DATA SHOWN START

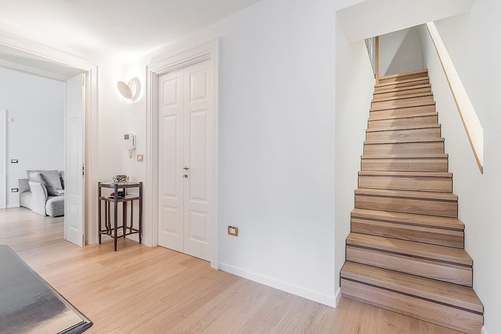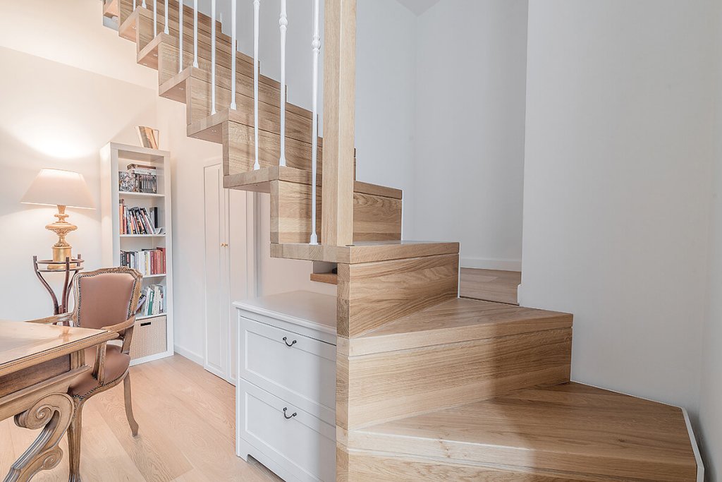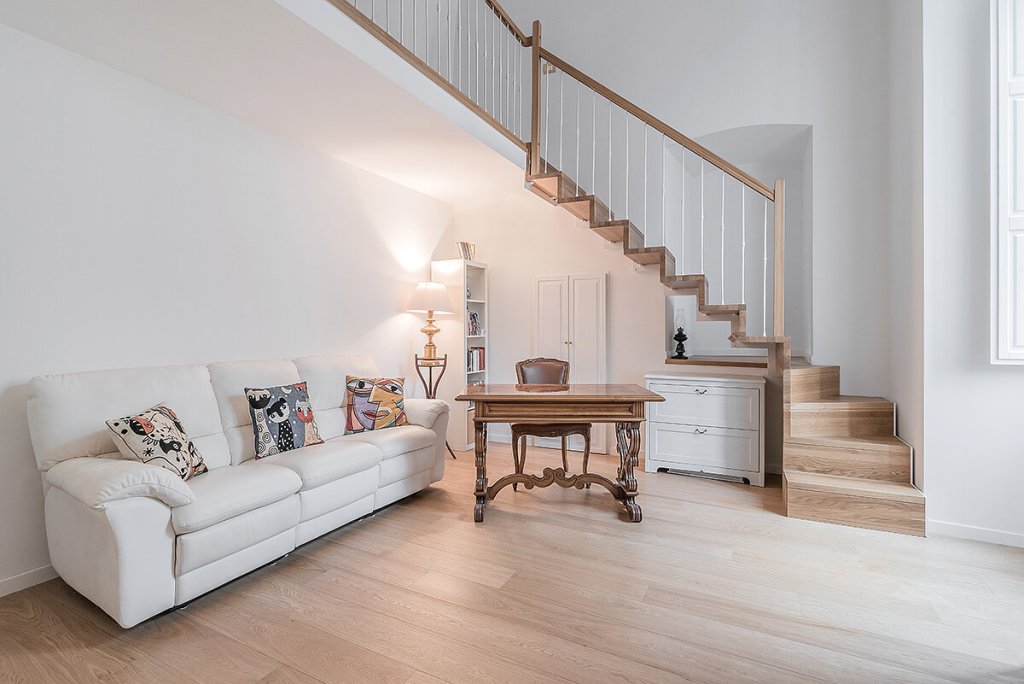 Data la grande altezza degli spazi sono stati creati due soppalchi, uno destinato a zona studio, l'altro a zona libreria. L'architetto ha scelto di sfruttare al meglio le nicchie e i vecchi camini trasformandoli in ripostigli, armadi a muro, librerie e di valorizzare ogni disimpegno, il sottoscala ad esempio diventa un armadio per il bagno. Le scale, progettate e realizzate su misura, diventano esse stesse dei contenitori, con un cassetto per ogni alzata mentre il corrimano è illuminato con una striscia led.
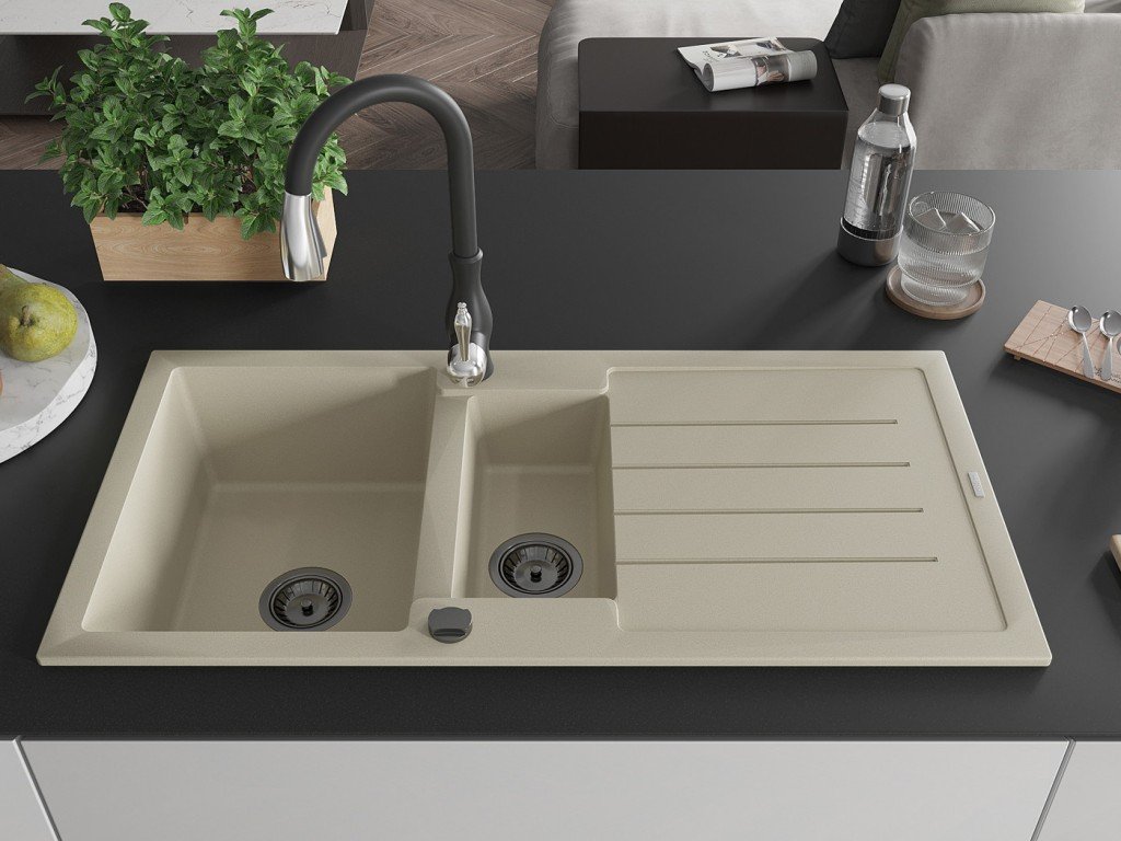 Prodajte svoju kuchyňu do nového štýlu s našim Milo granitovým drezom s jednou misou, spolu s modernou batériou Rita v elegantnej čiernej farbe. Tento set, ktorý nesie kód...
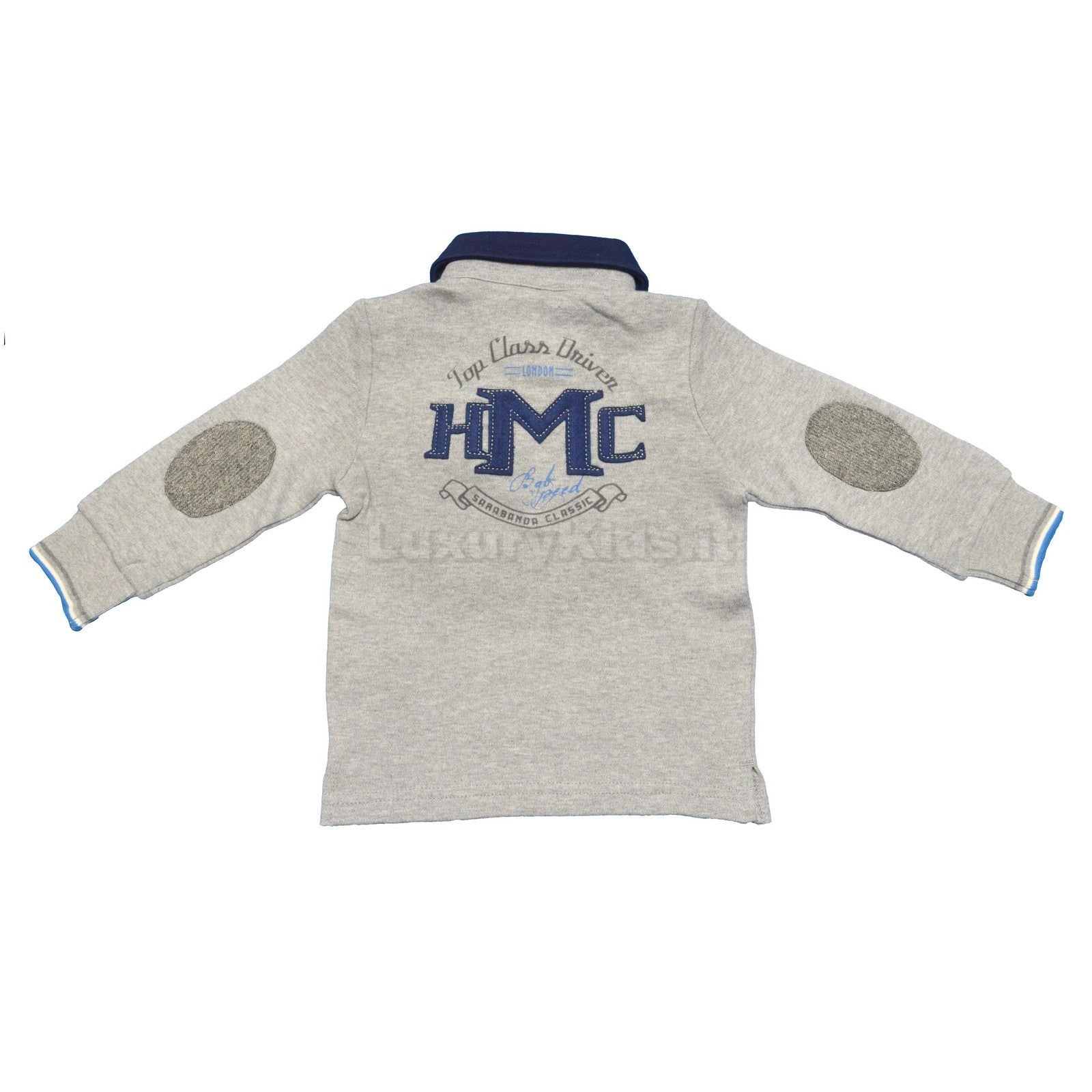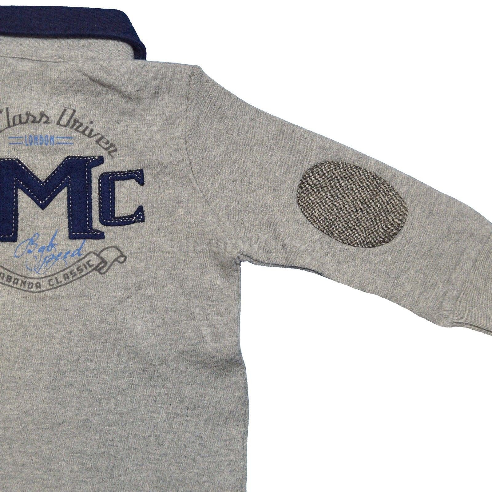 Warm gray cotton polo shirt with blue collar, embroidery on the chest and patches on the elbows

DATA SHOWN END

ASSIGNED TASK: Could you print the material above word for word and skip the images?

YOUR SOLUTION:
 Data la grande altezza degli spazi sono stati creati due soppalchi, uno destinato a zona studio, l'altro a zona libreria. L'architetto ha scelto di sfruttare al meglio le nicchie e i vecchi camini trasformandoli in ripostigli, armadi a muro, librerie e di valorizzare ogni disimpegno, il sottoscala ad esempio diventa un armadio per il bagno. Le scale, progettate e realizzate su misura, diventano esse stesse dei contenitori, con un cassetto per ogni alzata mentre il corrimano è illuminato con una striscia led.
 Prodajte svoju kuchyňu do nového štýlu s našim Milo granitovým drezom s jednou misou, spolu s modernou batériou Rita v elegantnej čiernej farbe. Tento set, ktorý nesie kód...
 Warm gray cotton polo shirt with blue collar, embroidery on the chest and patches on the elbows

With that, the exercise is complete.